(Collection entries)
* * *
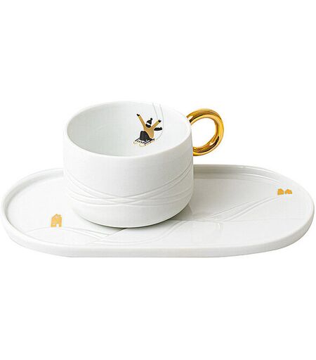 RAEDER Tasse mit Servierplatte Schneetag Schlittenfahreb weiss B
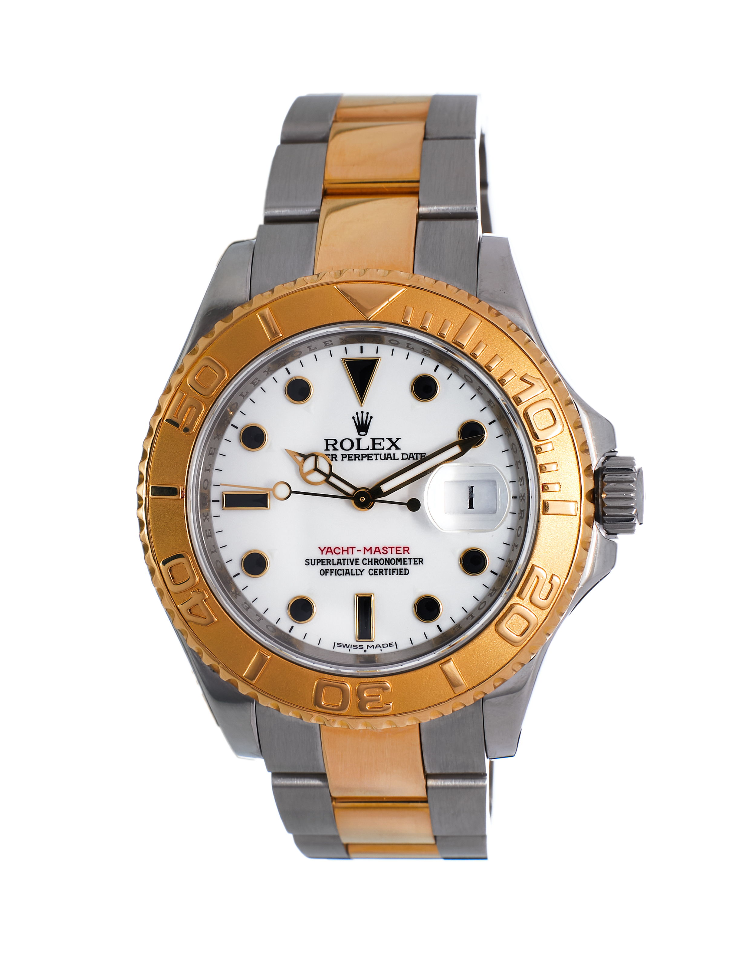 The Yacht-Master, introduced by Rolex in 1992 in a gold case, was the first all-new watch from the brand since the Daytona in the 1960s. The watch was designed for adventurers and sportsmen—the topside equivalent to the diver's Submariner, to which it bears a strong similarity, though with more of a luxury than a tool watch feel. By 1999 it had become one of the most highly sought and desirable models in the Rolex stable after the introduction of a platinum version, though it wasn't until 2005 that the Rolesor reference 16623 arrived. Rolesor is the brand's term for two-tone watches that use both steel and gold, which this one does so in serious style. Like all Yacht-Masters, the bezel is made of a single block of solid gold.
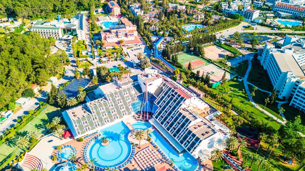 Hotelový komplex leží přímo u nádherné oblázkové pláže a je obklopený pečlivě udržovanou zahradou. Centrum letoviska Kemer (Turecko) je vzdáleno cca 7 km. K hotelovému vybavení patří recepce (Wi‑Fi u recepce zdarma), několik restaurací (3 à la carte – čínská, italská a turecká kuchyně) a barů (včetně baru na pláži), bazén, bazén se skluzavkami a dětský bazén. Slunečníky, lehátka a osušky jsou u bazénu i na pláži k dispozici zdarma. Dále mohou klienti využít dětské hřiště, miniklub, nákupní arkádu, 2 tenisové kurty, stolní tenis, plážový volejbal, saunu, turecké lázně, fitness a animační programy. Hotel doporučujeme především rodinám s dětmi (2 děti do 12 let na přistýlce pobyt a strava zdarma).
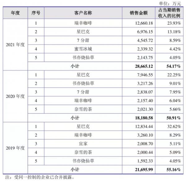 大客户在德馨食品的收入中影响很大——前五大客户合计占当期销售收入的一半比重。前几大重要客户维持在星巴克、瑞幸咖啡、宜家、奈雪的茶、书亦烧仙草、7分甜、蜜雪冰城、宜家。
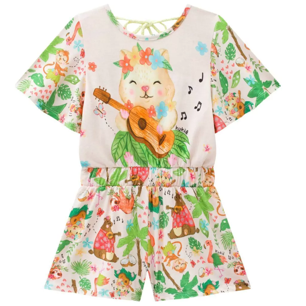 Detalhes do Produto: Macaquinho Kukiê; Estampa Esquilinho; Manga Larguinha; Short Soltinho;
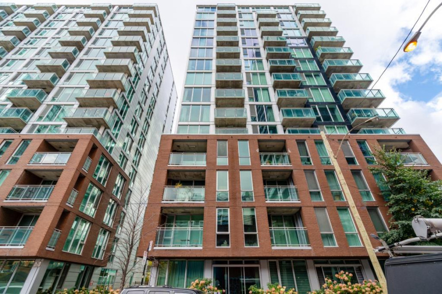 公寓位于大楼第九层,私密性与视野兼备。室内建筑面积约 781 平方英尺,采用大面积落地窗设计,采光极其充足,两面窗景可欣赏市中心全景,营造开阔明亮的居住氛围。室内以仿木地板为主,空间布局方正,开放式厨房与客厅连为一体,现代感十足,非常适合都市白领、小家庭或投资自住。厨房配备中岛与不锈钢电器,烹饪与用餐空间功能分明,整体设计简洁利落。
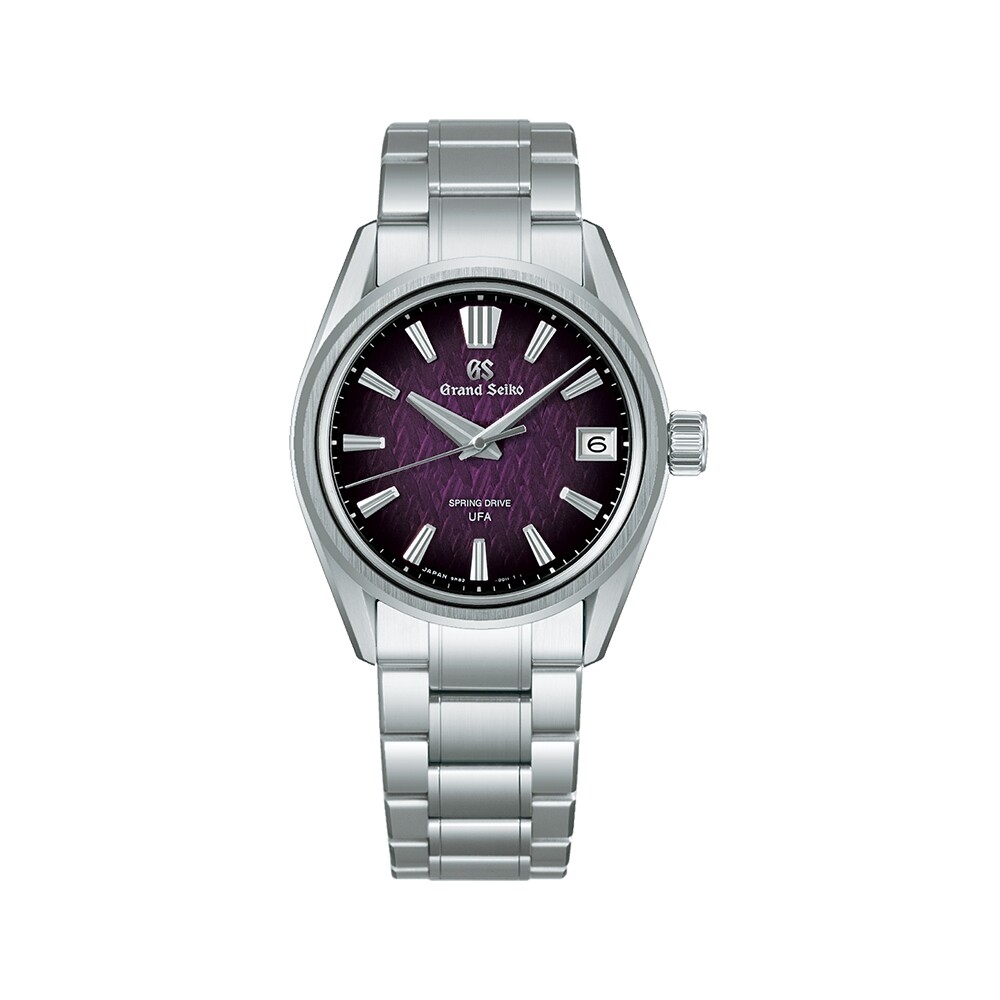 Cette nouvelle création Spring Drive U.F.A. s’inspire du « Style Evolution 9 », un langage de design unique qui élève la fusion de l’esprit Grand Seiko et de la sensibilité esthétique japonaise à un niveau supérieur. Son cadran texturé, de couleur violette, évoque l’instant saisissant où l’aube se lève sur les forêts givrées de la région de Shinshu, située au centre du Japon, où toutes les montres Spring Drive de Grand Seiko sont méticuleusement fabriquées.
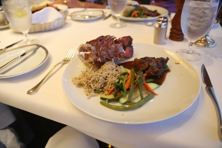 바닷가재 꼬리와 필레 미뇽 (Filet Mignon)이다. 후식은 티라미수와 커피.
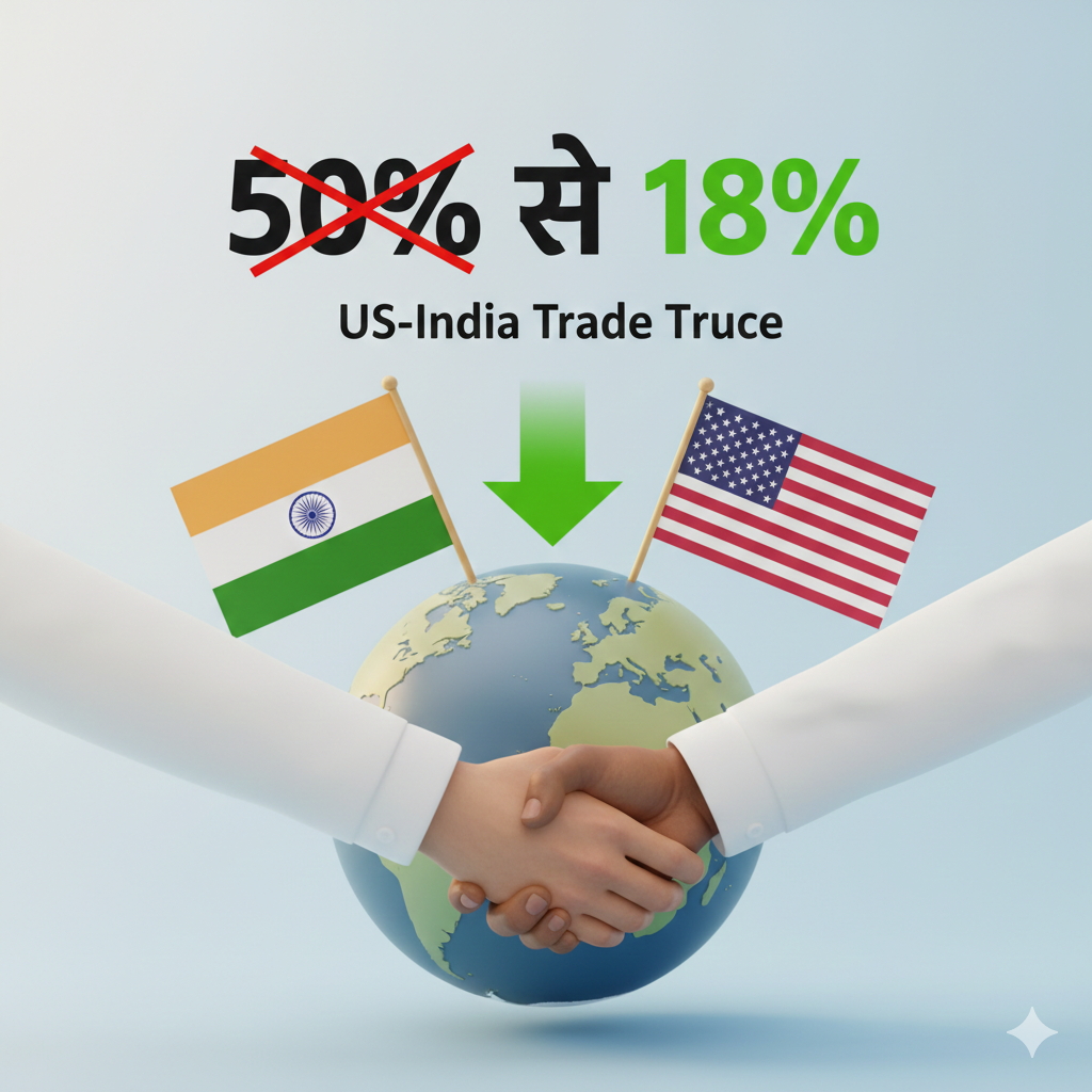 भारत की बड़ी जीत: ट्रंप ने बिना शर्त टैरिफ 50% से 18% किया। हाल ही में अमेरिकी राष्ट्रपति डोनाल्ड ट्रंप ने भारत के खिलाफ व्यापारिक टैरिफ को लेकर अपने सख्त रवैये में नरमी दिखाई है। इसे कूटनीतिक गलियारों में एक बड़े “यू-टर्न” के रूप में देखा जा रहा है। ट्रंप ने घोषणा की है कि वह भारतीय सामानों पर टैरिफ (आयात शुल्क) को कम करेंगे। इस घटनाक्रम ने कई सवाल खड़े किए हैं, विशेष रूप से “18%” के आंकड़े और इसके पीछे की असली वजहों को लेकर।
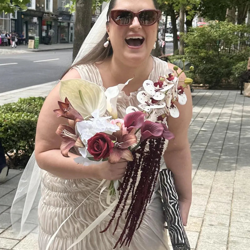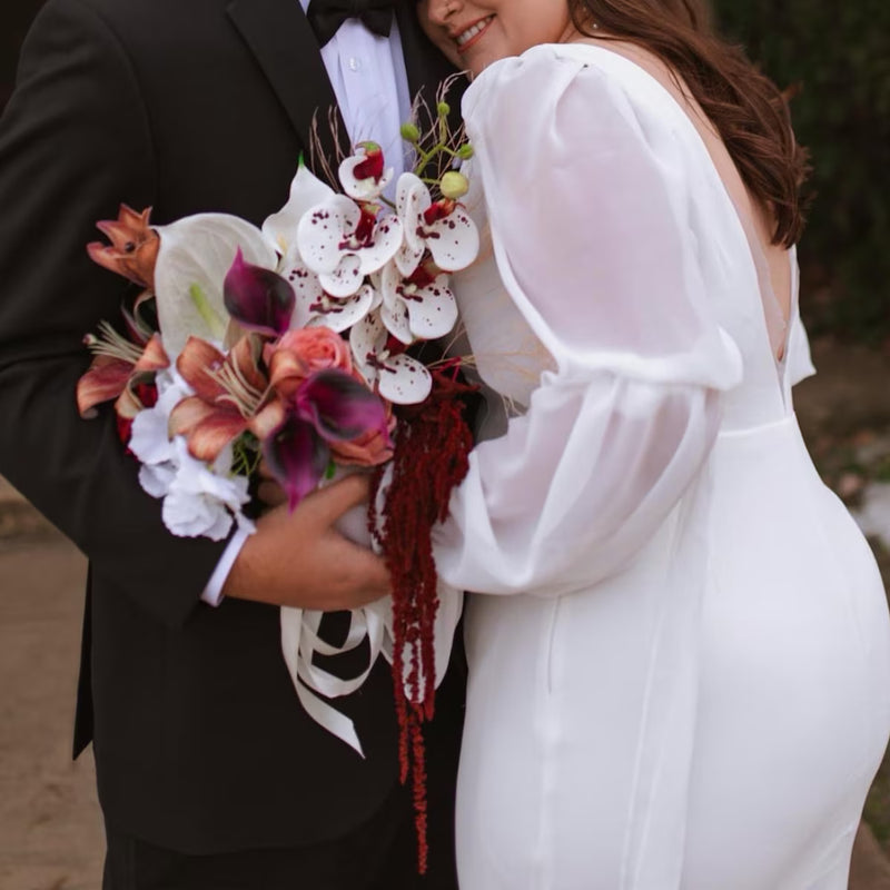 The Standard size is the bouquet as pictured. The Petite size features the same selection of flowers, not including the dried hanging amaranthus and cream anthurium, creating a more refined, compact silhouette.
* * *
**TASK ITEM:** Set down every entry above verbatim, without pictures.

**EXERCISE RESULT:**
 RAEDER Tasse mit Servierplatte Schneetag Schlittenfahreb weiss B
 The Yacht-Master, introduced by Rolex in 1992 in a gold case, was the first all-new watch from the brand since the Daytona in the 1960s. The watch was designed for adventurers and sportsmen—the topside equivalent to the diver's Submariner, to which it bears a strong similarity, though with more of a luxury than a tool watch feel. By 1999 it had become one of the most highly sought and desirable models in the Rolex stable after the introduction of a platinum version, though it wasn't until 2005 that the Rolesor reference 16623 arrived. Rolesor is the brand's term for two-tone watches that use both steel and gold, which this one does so in serious style. Like all Yacht-Masters, the bezel is made of a single block of solid gold.
 Hotelový komplex leží přímo u nádherné oblázkové pláže a je obklopený pečlivě udržovanou zahradou. Centrum letoviska Kemer (Turecko) je vzdáleno cca 7 km. K hotelovému vybavení patří recepce (Wi‑Fi u recepce zdarma), několik restaurací (3 à la carte – čínská, italská a turecká kuchyně) a barů (včetně baru na pláži), bazén, bazén se skluzavkami a dětský bazén. Slunečníky, lehátka a osušky jsou u bazénu i na pláži k dispozici zdarma. Dále mohou klienti využít dětské hřiště, miniklub, nákupní arkádu, 2 tenisové kurty, stolní tenis, plážový volejbal, saunu, turecké lázně, fitness a animační programy. Hotel doporučujeme především rodinám s dětmi (2 děti do 12 let na přistýlce pobyt a strava zdarma).
 大客户在德馨食品的收入中影响很大——前五大客户合计占当期销售收入的一半比重。前几大重要客户维持在星巴克、瑞幸咖啡、宜家、奈雪的茶、书亦烧仙草、7分甜、蜜雪冰城、宜家。
 Detalhes do Produto: Macaquinho Kukiê; Estampa Esquilinho; Manga Larguinha; Short Soltinho;
 公寓位于大楼第九层,私密性与视野兼备。室内建筑面积约 781 平方英尺,采用大面积落地窗设计,采光极其充足,两面窗景可欣赏市中心全景,营造开阔明亮的居住氛围。室内以仿木地板为主,空间布局方正,开放式厨房与客厅连为一体,现代感十足,非常适合都市白领、小家庭或投资自住。厨房配备中岛与不锈钢电器,烹饪与用餐空间功能分明,整体设计简洁利落。
 Cette nouvelle création Spring Drive U.F.A. s’inspire du « Style Evolution 9 », un langage de design unique qui élève la fusion de l’esprit Grand Seiko et de la sensibilité esthétique japonaise à un niveau supérieur. Son cadran texturé, de couleur violette, évoque l’instant saisissant où l’aube se lève sur les forêts givrées de la région de Shinshu, située au centre du Japon, où toutes les montres Spring Drive de Grand Seiko sont méticuleusement fabriquées.
 바닷가재 꼬리와 필레 미뇽 (Filet Mignon)이다. 후식은 티라미수와 커피.
 भारत की बड़ी जीत: ट्रंप ने बिना शर्त टैरिफ 50% से 18% किया। हाल ही में अमेरिकी राष्ट्रपति डोनाल्ड ट्रंप ने भारत के खिलाफ व्यापारिक टैरिफ को लेकर अपने सख्त रवैये में नरमी दिखाई है। इसे कूटनीतिक गलियारों में एक बड़े “यू-टर्न” के रूप में देखा जा रहा है। ट्रंप ने घोषणा की है कि वह भारतीय सामानों पर टैरिफ (आयात शुल्क) को कम करेंगे। इस घटनाक्रम ने कई सवाल खड़े किए हैं, विशेष रूप से “18%” के आंकड़े और इसके पीछे की असली वजहों को लेकर।
 The Standard size is the bouquet as pictured. The Petite size features the same selection of flowers, not including the dried hanging amaranthus and cream anthurium, creating a more refined, compact silhouette.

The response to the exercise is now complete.